From the folder you are working in (called `project_lab2/` in the example above), you will access your files e.g. using the relative path to your file `"./Data/IRIS_eq_010100_112422_mag4.csv"`.  In the example above, I saved all of the lab instructions in a folder named `Info/` and the main level folder only contains Jupyter Notebooks for Parts 1 and 2, as well as the `earthquake_fns` module. .

You must supply your file IO functions with a *path* to the file that you are attempting to load. The file path includes information on what the name of the file is (filename), and path to where the file is stored (the folder, or directory). 
> `./Data/` is the folder path which the python interpreter will use to search for the file named `IRIS_eq_010100_112422_mag4.csv`.  
> 
> In more detail: `./Data/IRIS_eq_010100_112422_mag4.csv` means *in the current folder/directory (`./`) look for a folder/directory called `Data` and inside that directory (`/`) find the file `IRIS_eq_010100_112422_mag4.csv`*.



___ 

## 3:  For Part 2:  Geometry of subducting slabs

The seismicity in the region of interest for the Project Lab occurs in a *subduction zone*, where one tectonic plate (the strong outer part of the rocky planet comprising the crust and upper part of the mantle) subducts beneath another plate. 

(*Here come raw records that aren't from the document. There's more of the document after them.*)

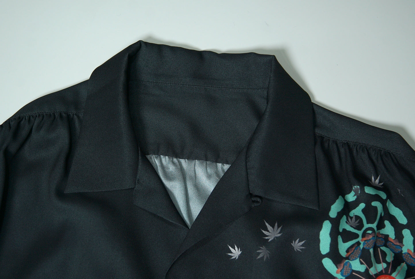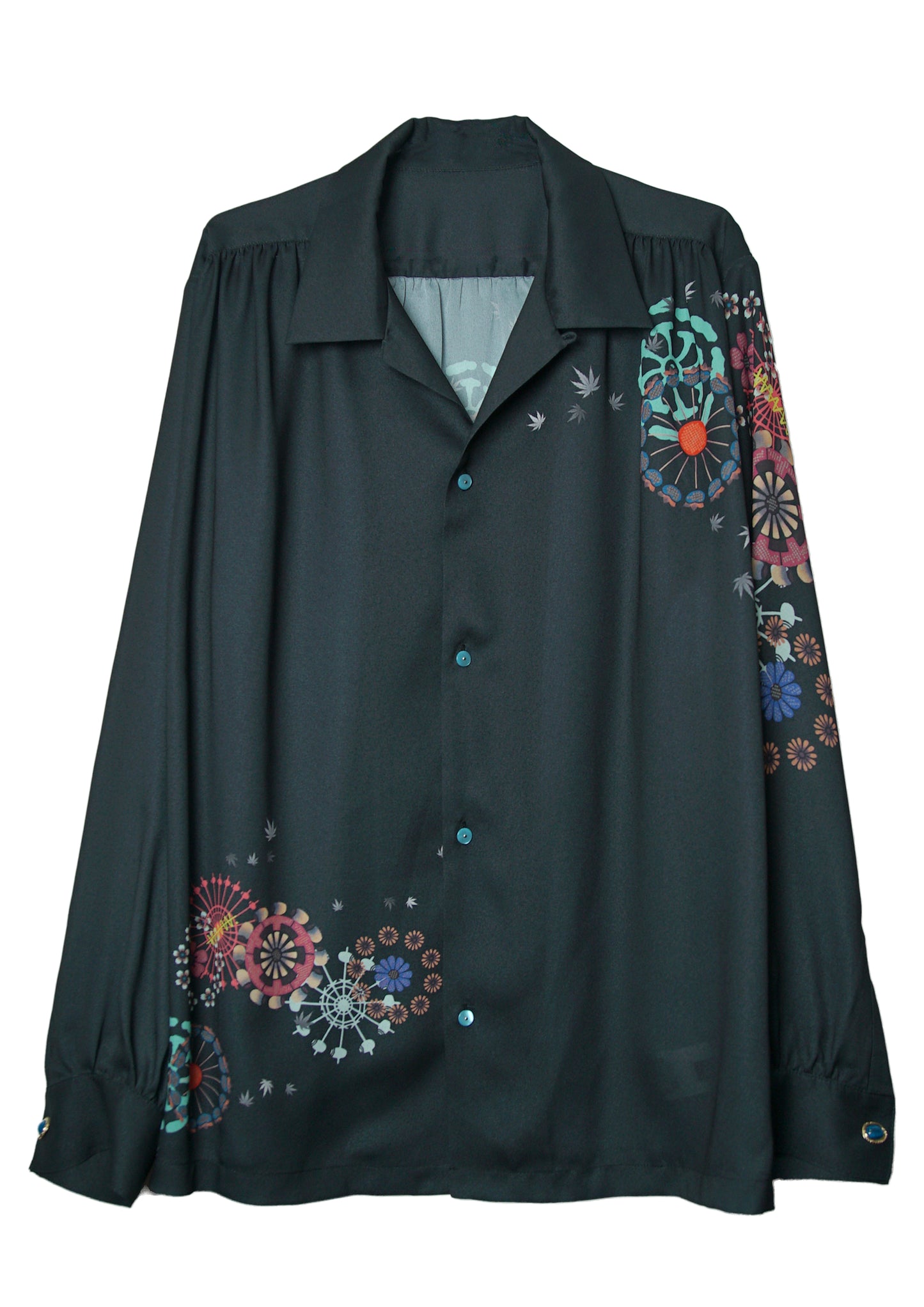 The graphic print incorporates a waterwheel motif with a taste of Tokyo's downtown area.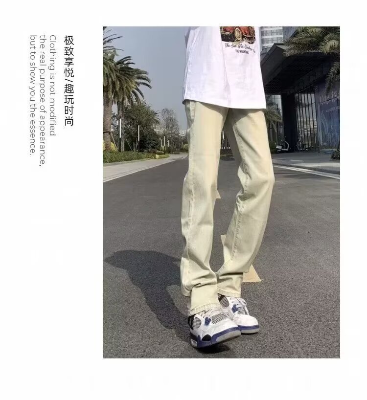 아메리칸 스타일 레트로 바지 하이 스트리트 트렌디 브랜드 옐로우 머드 청바지 남성 디자인 센스 스트레이트 세척 봄과 가을 긴 바지
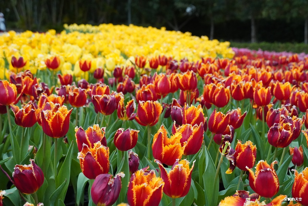 色彩繽紛的鬱金香鋪展在整個園區,像是一幅流動的春日畫布。大片花海層層交織,紅、黃、粉、紫在陽光下閃耀,怎麼拍都美。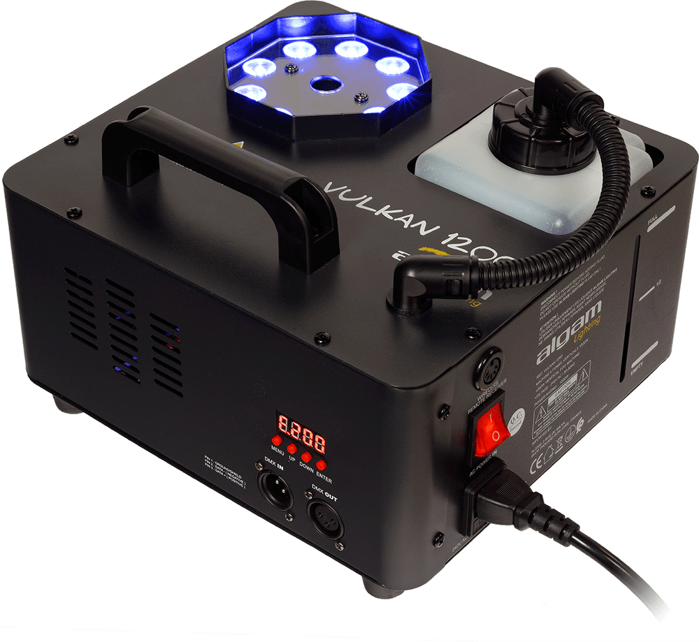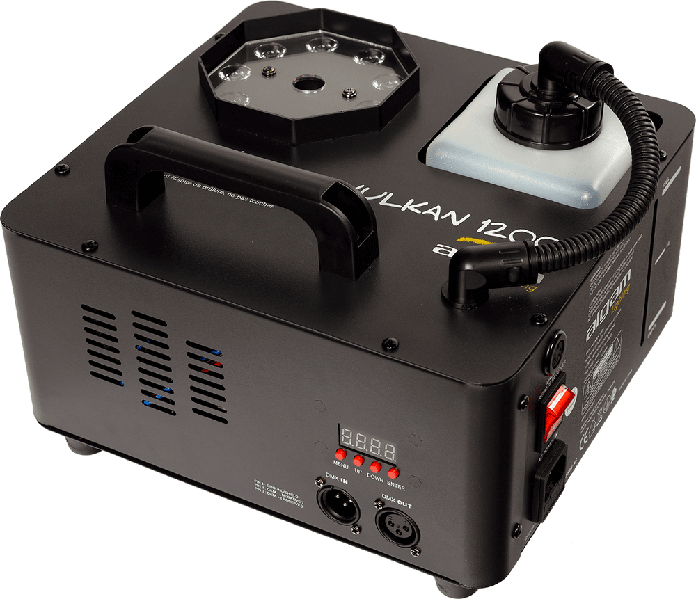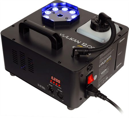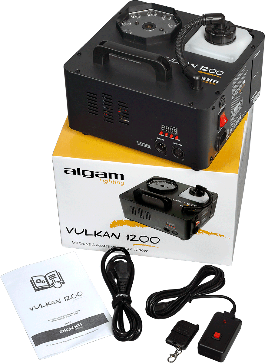 La Algam VULKAN1200 es la máquina de humo estilo CO₂ más compacta de Algam Lighting, diseñada para generar potentes chorros verticales de humo de hasta 5 m de altura. Gracias a su núcleo calefactor de 1 200 W, alcanza temperatura óptima en 3–5 min y ofrece un caudal de 226 m³/min, ideal para resaltar efectos de iluminación con sus 9 LEDs RGB integrados. Su depósito de 1,2 L, ventana de nivel visible y modos Manual, HF remoto o DMX de 7 canales permiten un control preciso desde consola o a distancia.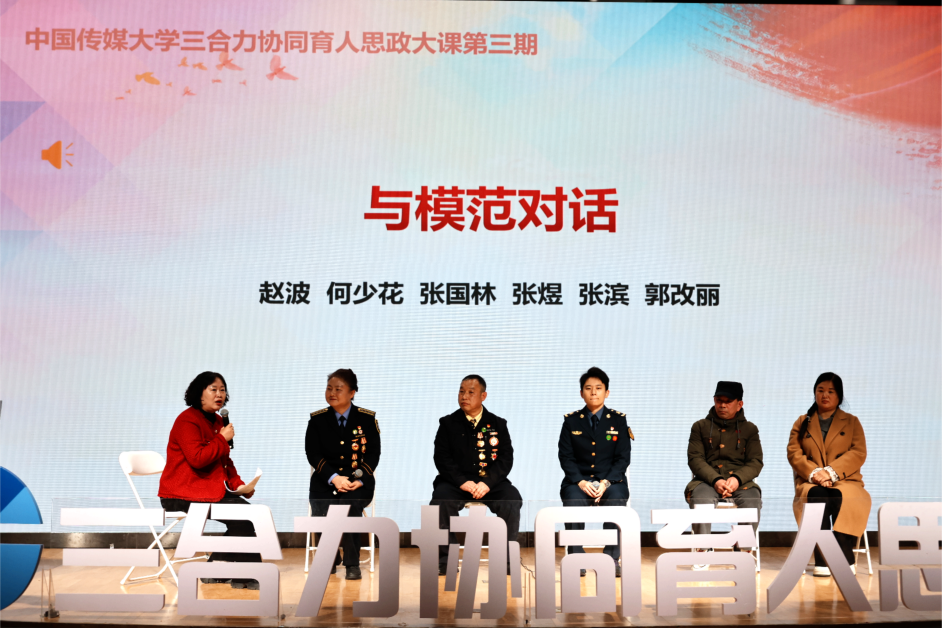 此次课程是中传“三合力”协同育人系列思政大课第三期。该机制通过思政课程、课程思政、学工系统三支教师队伍联动,联动后勤保障处、校团委及多学院力量,以分类教学模式推进思政课教学效果提升,构建全校共建共享的“大思政”育人格局。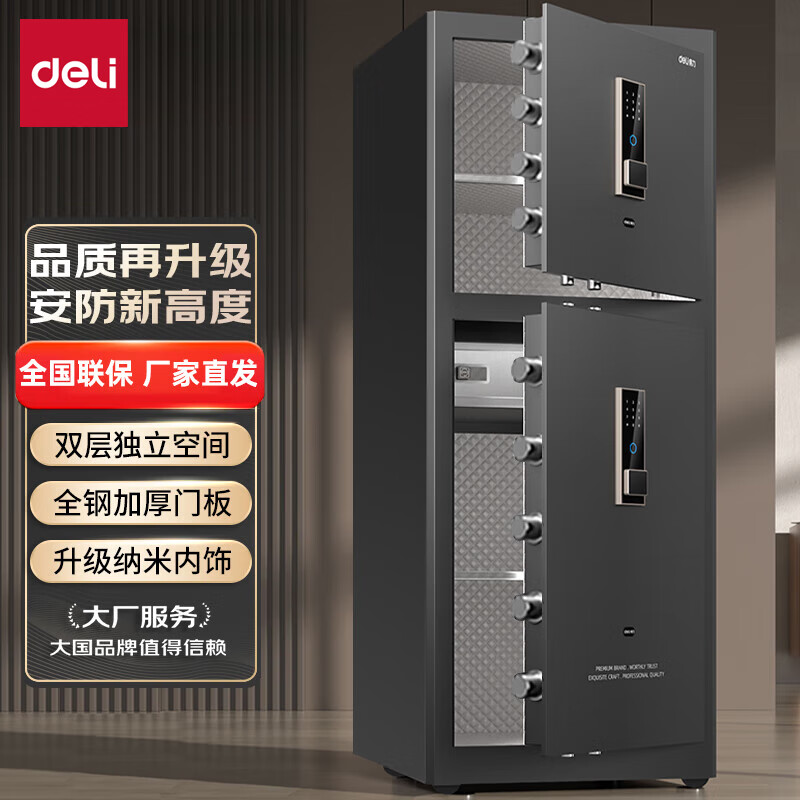 得力保险柜 高150CM双门办公家用保管箱 半导体指纹+触屏密码双重保险 科技布内饰 弘雅AE73-ZM价格:2588.00元!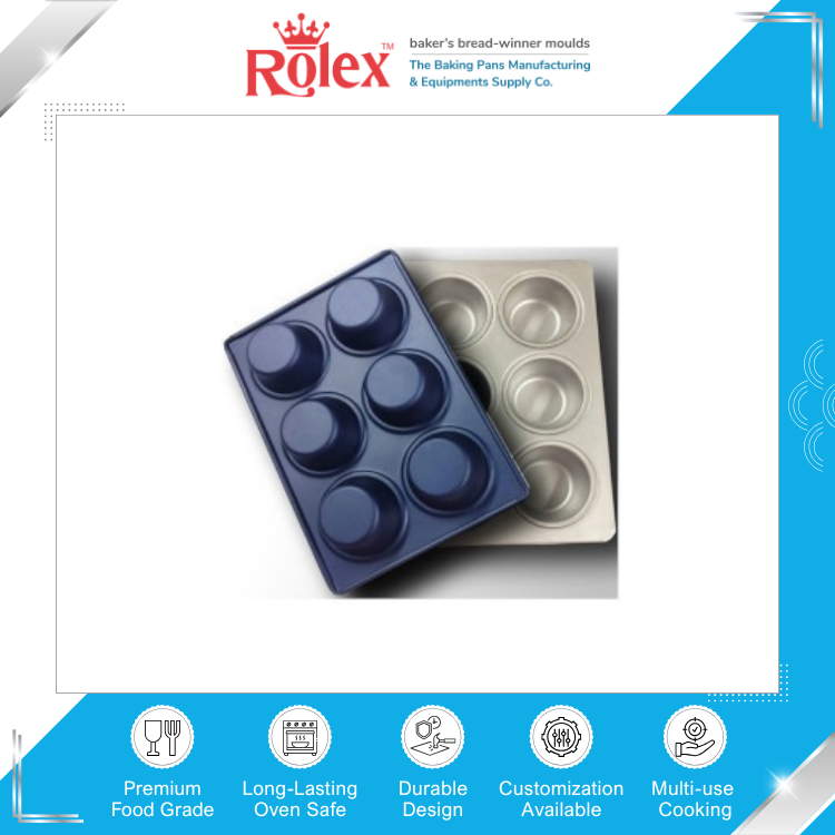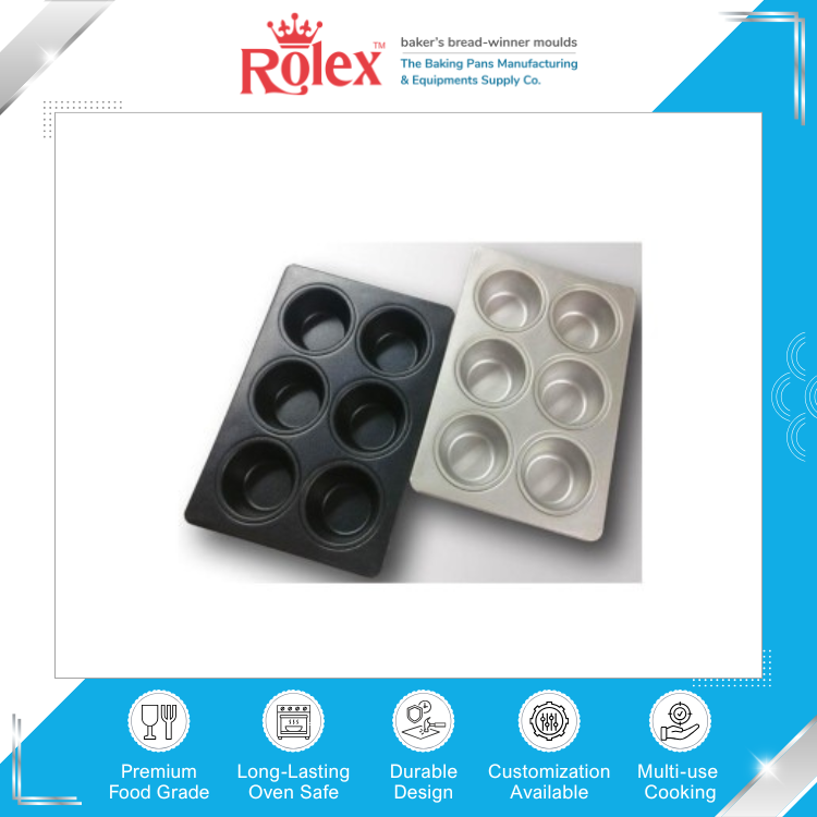 ผู้จัดจำหน่ายมืออาชีพจำหน่ายถาดอบเคลือบสารกันติด ขนาด 0.6 มม. อลูสตีล 35 กรัม ถาดอบเค้ก/มัฟฟิน 6 ถ้วย สำหรับขาย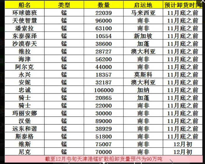 锰矿:据传South32十一月对华锰矿装船报价上调到8.5美元/吨度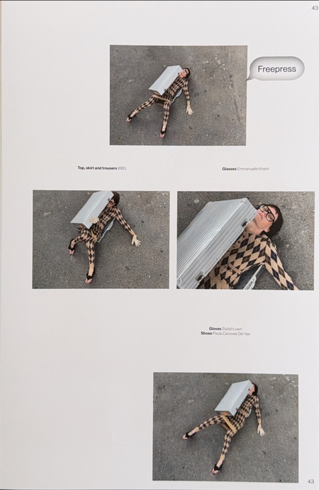 Модная фотография гиперболизирует и высмеивает этот феномен. Например здесь персона Kate from finance — стилизованная Business Woman каждый рабочий день снимается перед зеркалом у входа в офис. Еще один пример — проект Амалии Ульман. Ее интернет персона переезжает в калифорнию, работает в эскорте, справляется с наркотической зависимостью с помощью йоги и тостов с авокадо.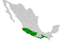 The West Mexican chachalaca is found in a swath of southwestern Mexico between northern Jalisco and southwestern Chiapas and inland as far as southwestern Puebla. It primarily inhabits mature deciduous forest, thorn scrub, and secondary forest. Locally it inhabits pine-oak forest and sometimes is found in mangroves and palm plantations. In elevation it ranges from sea level to 2,400 m (7,900 ft).[3]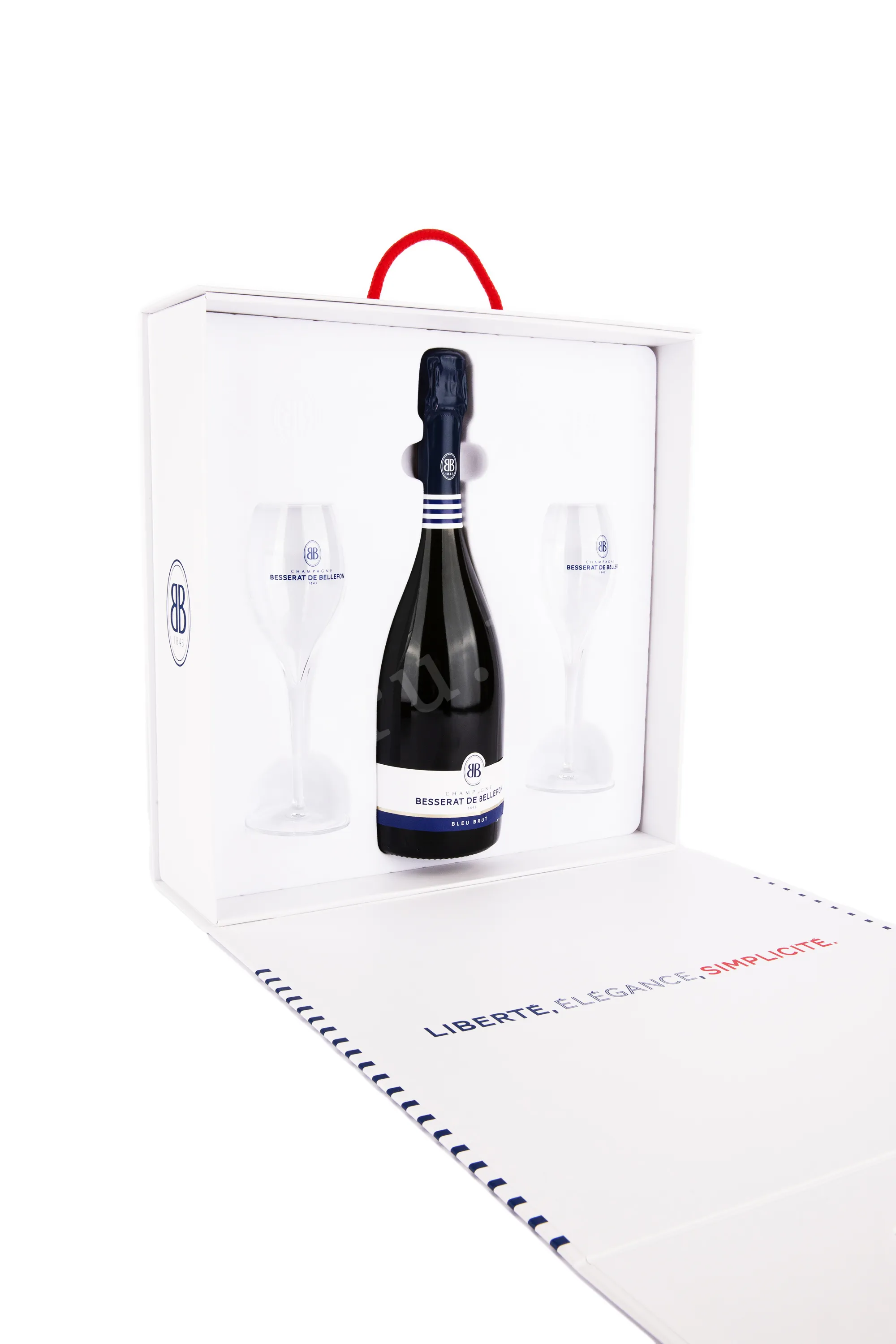 Besserat de Bellefon Blue Brut in box with 2 glasses 0.75 л купить - шампанское Бессера де Бельфон Блю Брют в коробке с 2 бокалами цена в магазине КРЮ ПРОФИ г. Москва, ул. Профсоюзная, д. 16/10 10:00-22:00 Ежедневно +7 (495) 920-20-02 info@cru.ru

**Figure 1** below (image from the USGS) shows the subduction zone that we live on: the Cascadia subduction zone, which stretches from northern Vancouver Island to California.  As the two tectonic plates slide past each other, earthquakes can occur in the *subducting plate* (pink dots, Fig 1), the *overriding plate* (yellow dots, Fig 1), and especially at the interface between them (red dots, Fig. 1).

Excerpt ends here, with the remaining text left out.